(Data under study)
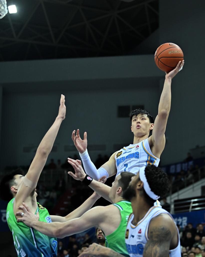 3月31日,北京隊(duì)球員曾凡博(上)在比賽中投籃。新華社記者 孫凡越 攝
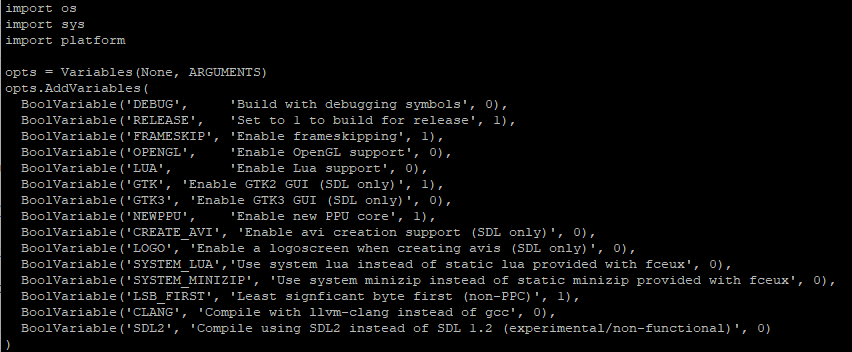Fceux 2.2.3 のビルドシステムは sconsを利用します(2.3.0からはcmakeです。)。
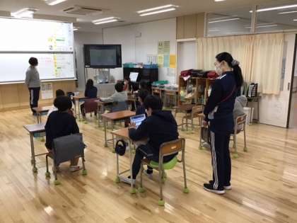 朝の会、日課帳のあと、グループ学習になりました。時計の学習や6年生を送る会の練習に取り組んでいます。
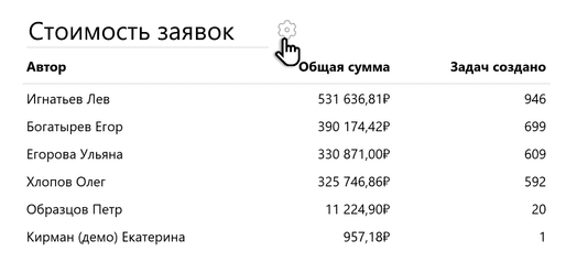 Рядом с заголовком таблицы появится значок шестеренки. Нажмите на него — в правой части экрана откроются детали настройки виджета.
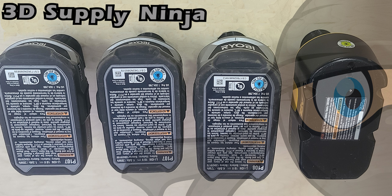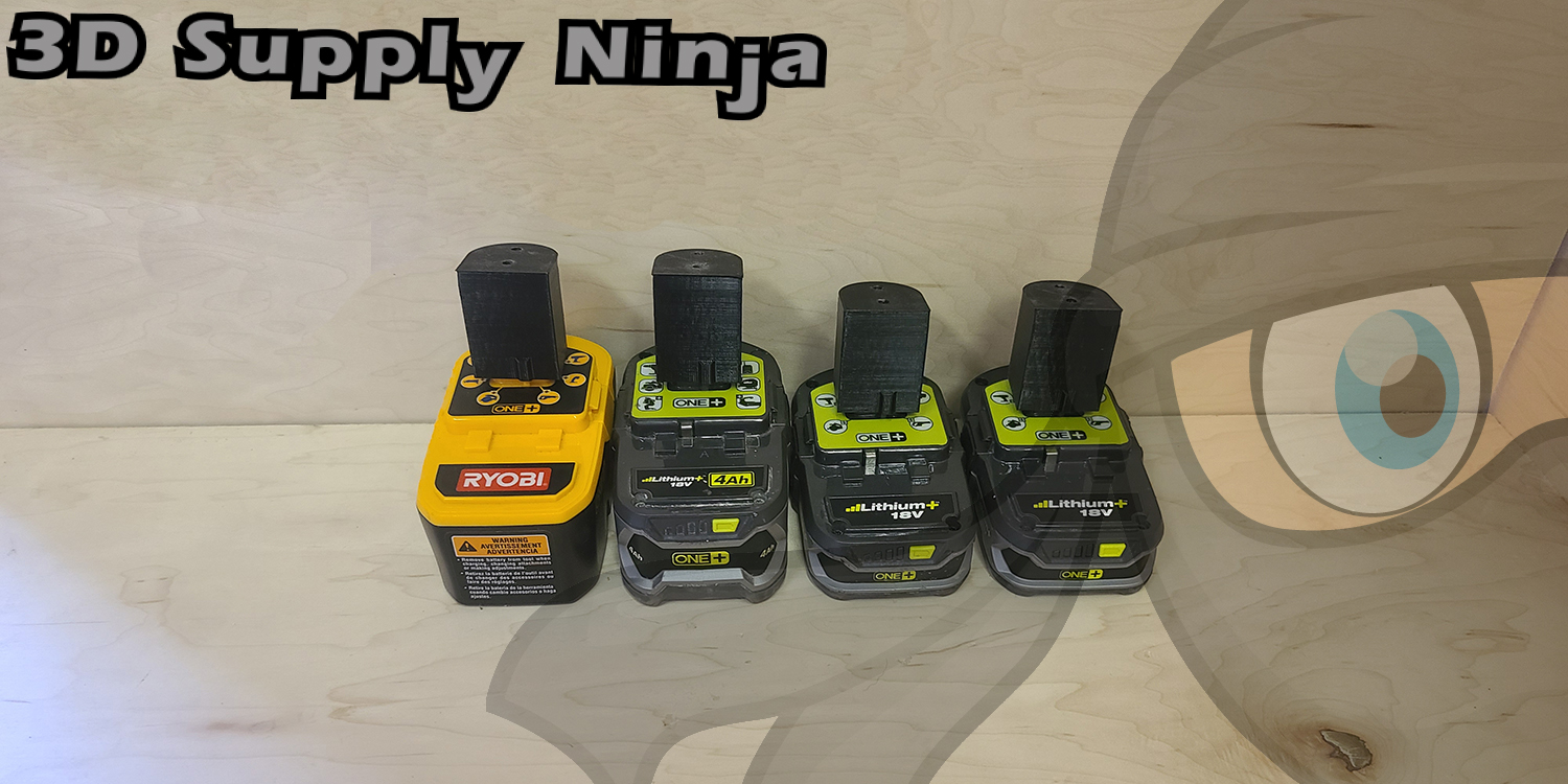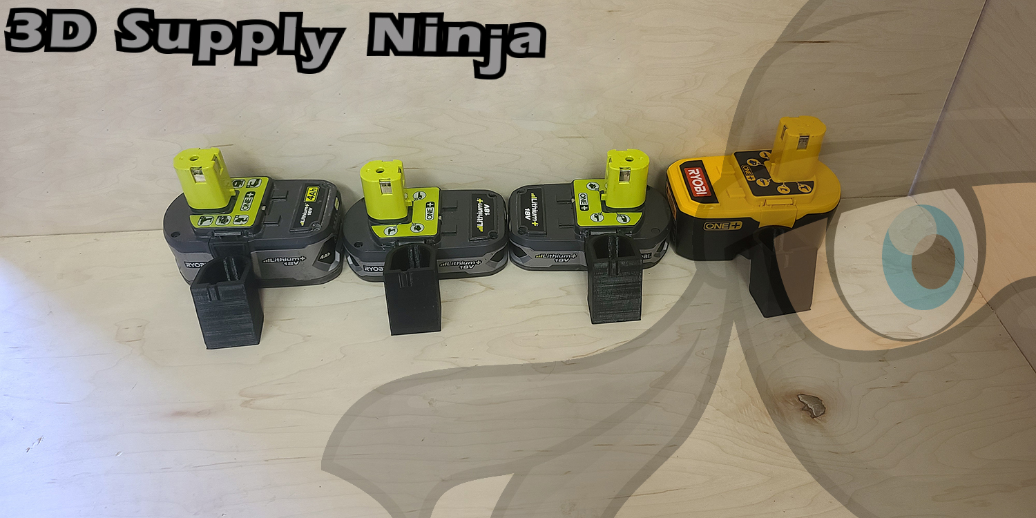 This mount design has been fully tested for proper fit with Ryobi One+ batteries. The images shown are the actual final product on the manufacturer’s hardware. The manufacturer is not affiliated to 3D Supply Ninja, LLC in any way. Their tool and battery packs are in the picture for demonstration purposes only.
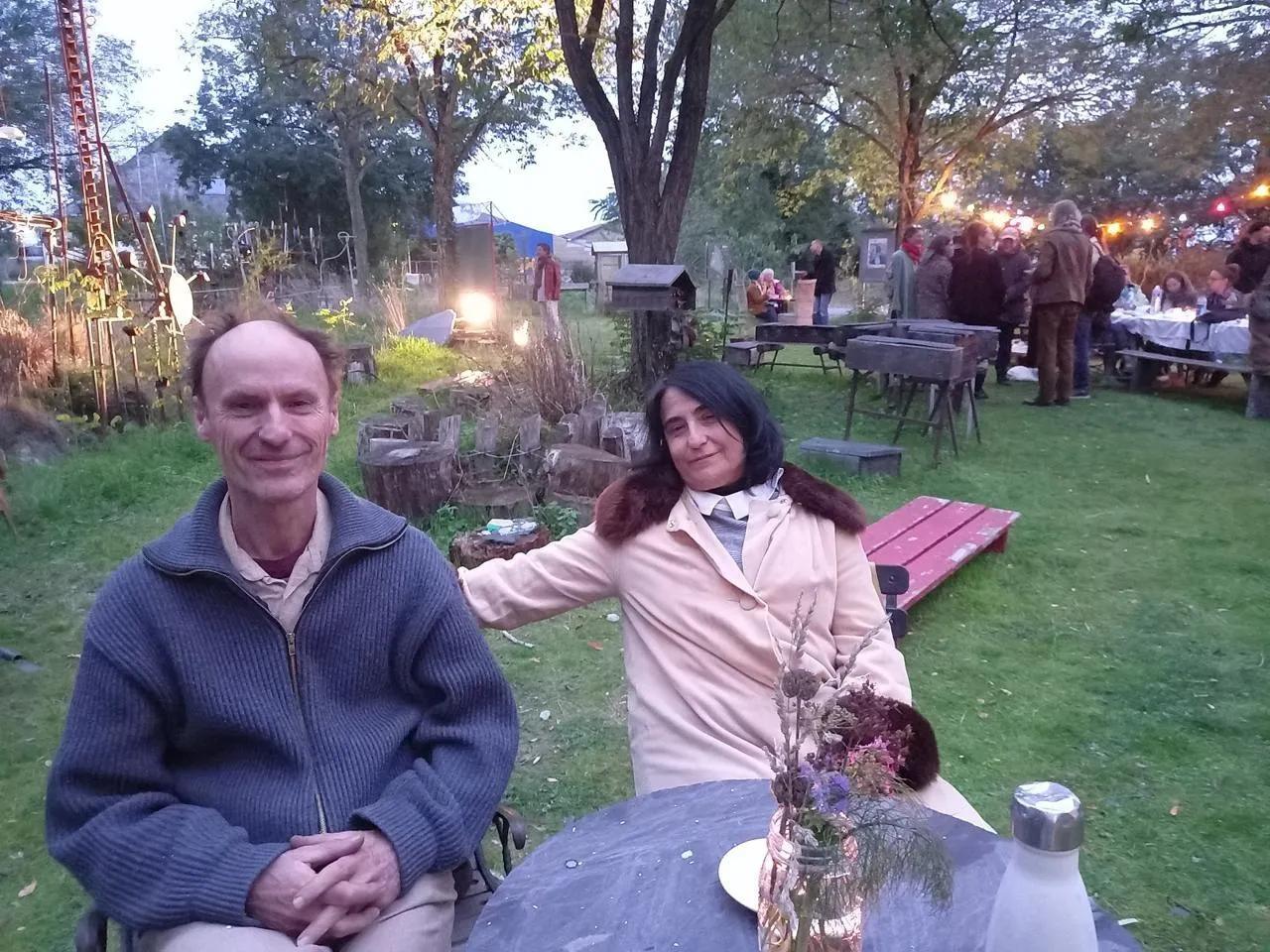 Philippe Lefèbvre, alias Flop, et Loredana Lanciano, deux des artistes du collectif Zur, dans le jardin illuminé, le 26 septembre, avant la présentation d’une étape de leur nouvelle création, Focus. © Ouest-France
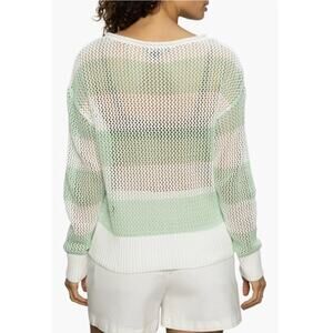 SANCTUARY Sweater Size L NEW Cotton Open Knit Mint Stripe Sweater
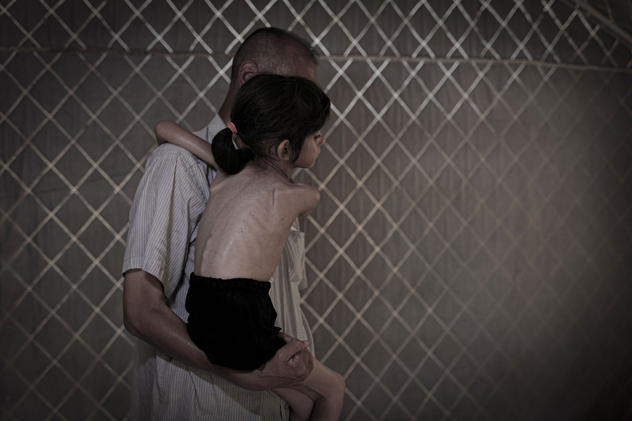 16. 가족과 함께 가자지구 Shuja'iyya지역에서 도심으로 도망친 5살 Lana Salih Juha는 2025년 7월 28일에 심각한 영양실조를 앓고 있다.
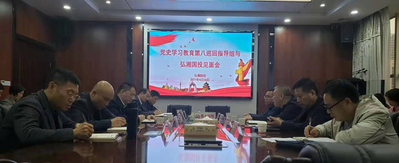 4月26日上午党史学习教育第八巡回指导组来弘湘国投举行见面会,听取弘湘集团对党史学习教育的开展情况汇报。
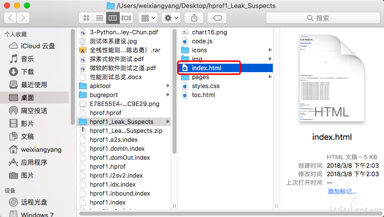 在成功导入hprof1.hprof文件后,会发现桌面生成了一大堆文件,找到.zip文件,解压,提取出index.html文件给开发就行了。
(End Data under study)
● **Problem description**:
An exact retyping of the entries, without images, is the required answer.

● **Written solution**:
 3月31日,北京隊(duì)球員曾凡博(上)在比賽中投籃。新華社記者 孫凡越 攝
Fceux 2.2.3 のビルドシステムは sconsを利用します(2.3.0からはcmakeです。)。
 朝の会、日課帳のあと、グループ学習になりました。時計の学習や6年生を送る会の練習に取り組んでいます。
 Рядом с заголовком таблицы появится значок шестеренки. Нажмите на него — в правой части экрана откроются детали настройки виджета.
 This mount design has been fully tested for proper fit with Ryobi One+ batteries. The images shown are the actual final product on the manufacturer’s hardware. The manufacturer is not affiliated to 3D Supply Ninja, LLC in any way. Their tool and battery packs are in the picture for demonstration purposes only.
 Philippe Lefèbvre, alias Flop, et Loredana Lanciano, deux des artistes du collectif Zur, dans le jardin illuminé, le 26 septembre, avant la présentation d’une étape de leur nouvelle création, Focus. © Ouest-France
 SANCTUARY Sweater Size L NEW Cotton Open Knit Mint Stripe Sweater
 16. 가족과 함께 가자지구 Shuja'iyya지역에서 도심으로 도망친 5살 Lana Salih Juha는 2025년 7월 28일에 심각한 영양실조를 앓고 있다.
 4月26日上午党史学习教育第八巡回指导组来弘湘国投举行见面会,听取弘湘集团对党史学习教育的开展情况汇报。
 在成功导入hprof1.hprof文件后,会发现桌面生成了一大堆文件,找到.zip文件,解压,提取出index.html文件给开发就行了。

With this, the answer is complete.